# DATA BLOCK
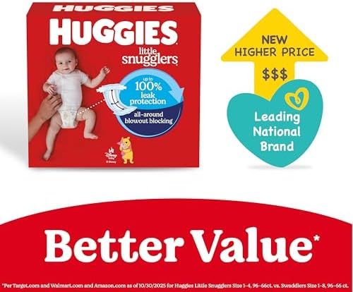 Huggies Little Snugglers Diapers: 144 baby diapers, size Newborn (up to 10 lbs); packaging may vary Up to 100% Leak-Free Protection: Our diapers have Huggies Leak Lock System that offers up to 12 hours of leak protection. Each baby diaper is made with Huggies’ GentleAbsorb Liner that absorbs wetness to help keep your baby’s skin clean and healthy Gentle Skin Protection: These Huggies diapers offer a curved and stretchy fit with all-around comfort for a gentle tummy fit. A soft, pocketed back waistband helps prevent diaper leaks and blowouts and helps keep mess away from your baby\'s skin The Only Brand Entirely Fragrance Free*: All Huggies diapers are safe for sensitive skin, hypoallergenic and free of fragrances (*among leading national diaper brands, across all offered variants) Features Disney designs as cute as your baby; packaging may vary
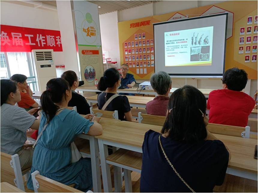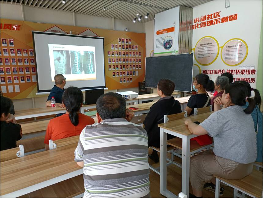 为了增强社区居民健康保健意识及健康生活方式行为能力,提高生活质量和身体素质,提倡科学文明健康的生活方式和行为。5月12日,洪塘街道洪都社区邀请江北区第九医院脊柱外科陈晓杰副主任医师,组织辖区居民开展了一场《预防腰腿疼痛》健康教育讲座。
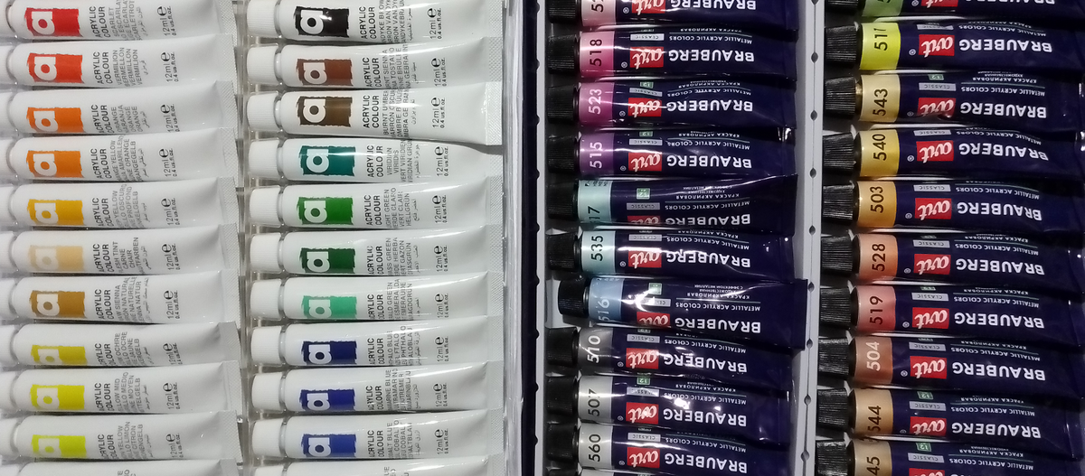 Два набора художественных акриловых красок купила - больших, по двадцать четыре цвета, обычные и металлик. Так разволновалась! Колеблюсь между потребностью немедленно расписать что-нибудь, и пониманием, что вечером у меня уже "прицел сбит". Это ведь первый раз в моей жизни😄 Раньше таким прагматиком была - покупала только основные цвета банками, металлики - строго по потребности, а сейчас вот прямо захотелось сразу набор, чтобы никаких ограничений. Ну, раньше, конечно, в городе я жила, и худмаги по пути с работы были, так что заказать набор в дебри - тоже в некотором смысле прагматичное решение. Тюбики кажутся маленькими, но на самом деле их на годы хватит, и многие цвета взаимозаменяемые. А ещё такая вот красота - медно-золотая краска. Мой любимый цвет!😄 Довольна, как слон - наборы (б/у, но в совершенно ничтожной степени) обошлись совсем дёшево, считая даже с доставкой на почту. Кстати, нашей почте пора подкинуть оценок и отзывов через мобильное приложение, о чём, пользуясь случа
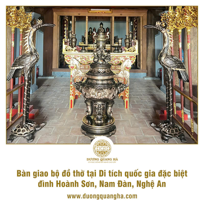 Trong dịp lễ Quốc khánh 2/9 vừa qua, đội ngũ Đúc đồng Dương Quang Hà đã vinh dự vận chuyển và lắp đặt thành công bộ đồ thờ bằng đồng đỏ cao cấp tại Di tích quốc gia đặc biệt Đình Hoành Sơn, Nam Đàn, Nghệ An.

# ACTIVITY
When you output the listing, reproduce it exactly but drop its pictures.

# ANSWER BELOW
 Huggies Little Snugglers Diapers: 144 baby diapers, size Newborn (up to 10 lbs); packaging may vary Up to 100% Leak-Free Protection: Our diapers have Huggies Leak Lock System that offers up to 12 hours of leak protection. Each baby diaper is made with Huggies’ GentleAbsorb Liner that absorbs wetness to help keep your baby’s skin clean and healthy Gentle Skin Protection: These Huggies diapers offer a curved and stretchy fit with all-around comfort for a gentle tummy fit. A soft, pocketed back waistband helps prevent diaper leaks and blowouts and helps keep mess away from your baby\'s skin The Only Brand Entirely Fragrance Free*: All Huggies diapers are safe for sensitive skin, hypoallergenic and free of fragrances (*among leading national diaper brands, across all offered variants) Features Disney designs as cute as your baby; packaging may vary
 为了增强社区居民健康保健意识及健康生活方式行为能力,提高生活质量和身体素质,提倡科学文明健康的生活方式和行为。5月12日,洪塘街道洪都社区邀请江北区第九医院脊柱外科陈晓杰副主任医师,组织辖区居民开展了一场《预防腰腿疼痛》健康教育讲座。
 Два набора художественных акриловых красок купила - больших, по двадцать четыре цвета, обычные и металлик. Так разволновалась! Колеблюсь между потребностью немедленно расписать что-нибудь, и пониманием, что вечером у меня уже "прицел сбит". Это ведь первый раз в моей жизни😄 Раньше таким прагматиком была - покупала только основные цвета банками, металлики - строго по потребности, а сейчас вот прямо захотелось сразу набор, чтобы никаких ограничений. Ну, раньше, конечно, в городе я жила, и худмаги по пути с работы были, так что заказать набор в дебри - тоже в некотором смысле прагматичное решение. Тюбики кажутся маленькими, но на самом деле их на годы хватит, и многие цвета взаимозаменяемые. А ещё такая вот красота - медно-золотая краска. Мой любимый цвет!😄 Довольна, как слон - наборы (б/у, но в совершенно ничтожной степени) обошлись совсем дёшево, считая даже с доставкой на почту. Кстати, нашей почте пора подкинуть оценок и отзывов через мобильное приложение, о чём, пользуясь случа
 Trong dịp lễ Quốc khánh 2/9 vừa qua, đội ngũ Đúc đồng Dương Quang Hà đã vinh dự vận chuyển và lắp đặt thành công bộ đồ thờ bằng đồng đỏ cao cấp tại Di tích quốc gia đặc biệt Đình Hoành Sơn, Nam Đàn, Nghệ An.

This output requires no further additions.